■ **BRIEF**
Begin the copy at the line containing "二本松枝里香さんの総運は39画の5点!" in the data below and end it at the line containing "Eagle Peak 13x13", keeping each line exact and leaving out pictures.

[[ RECORD SET, beginning ]]

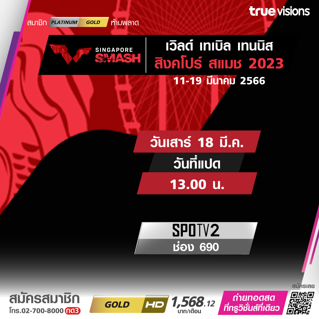 ศึก เวิลด์ เทเบิล เทนนิส สิงคโปร์ สแมช 2023 ที่รวบรวมนักกีฬามือระดับโลกของวงการมาพิสูจน์ฝีมือกัน ชมสดจุใจ ครบทุกรอบ ทั้งคู่และเดี่ยว ชมสด ทาง ทรูวิชั่นส์ ที่เดียว
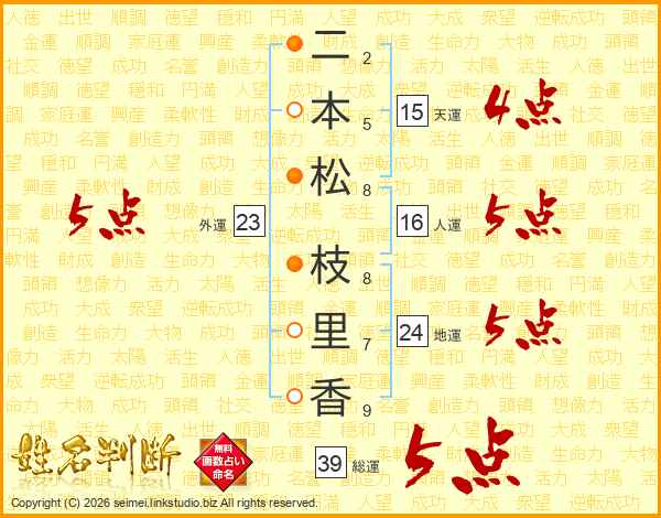 二本松枝里香さんの総運は39画の5点!
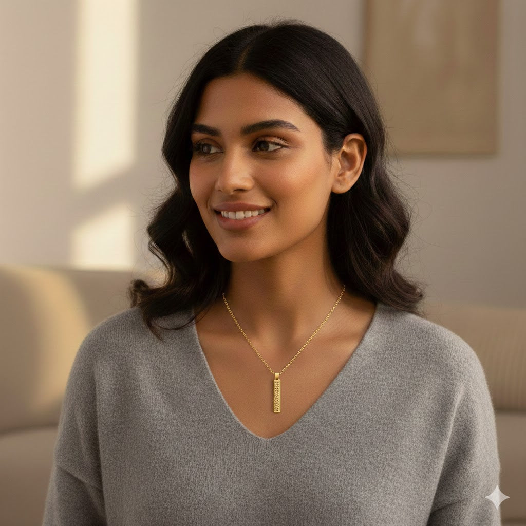 Ce pendentif rectangulaire est orné d’une calligraphie arabe finement gravée, offrant un rappel spirituel constant et porteur de paix intérieure. Sa forme sobre et élégante symbolise la stabilité, la force et la constance, accompagnant son porteur dans les moments importants de la vie.
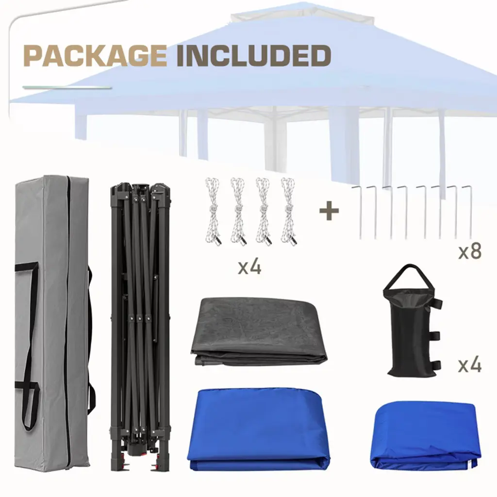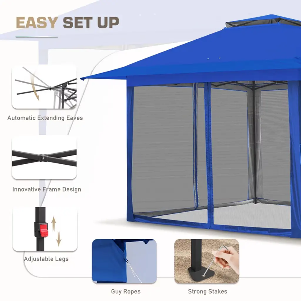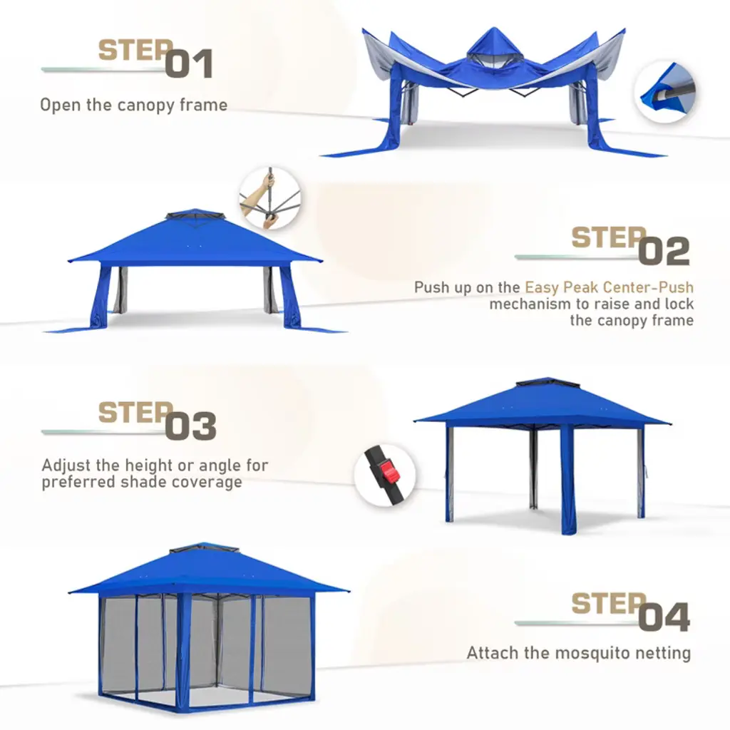Eagle Peak 13x13 Pop Up Gazebo With Mesh Netting, Easy Up Screened Canopy For Patio And Backyard, Easy Set Up Outdoor Gazebo (Blue)
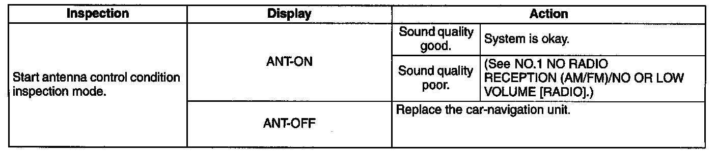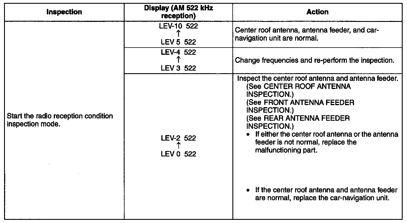 - Even If the system is normal, radio reception may be difficult depending on where the system is inspected (indoors/outdoors, or conditions at the location). Before inspecting the system, verify that radio reception is adequate.

[[ RECORD SET, end ]]

■ **SOLVED PROBLEM**
 二本松枝里香さんの総運は39画の5点!
 Ce pendentif rectangulaire est orné d’une calligraphie arabe finement gravée, offrant un rappel spirituel constant et porteur de paix intérieure. Sa forme sobre et élégante symbolise la stabilité, la force et la constance, accompagnant son porteur dans les moments importants de la vie.
Eagle Peak 13x13 Pop Up Gazebo With Mesh Netting, Easy Up Screened Canopy For Patio And Backyard, Easy Set Up Outdoor Gazebo (Blue)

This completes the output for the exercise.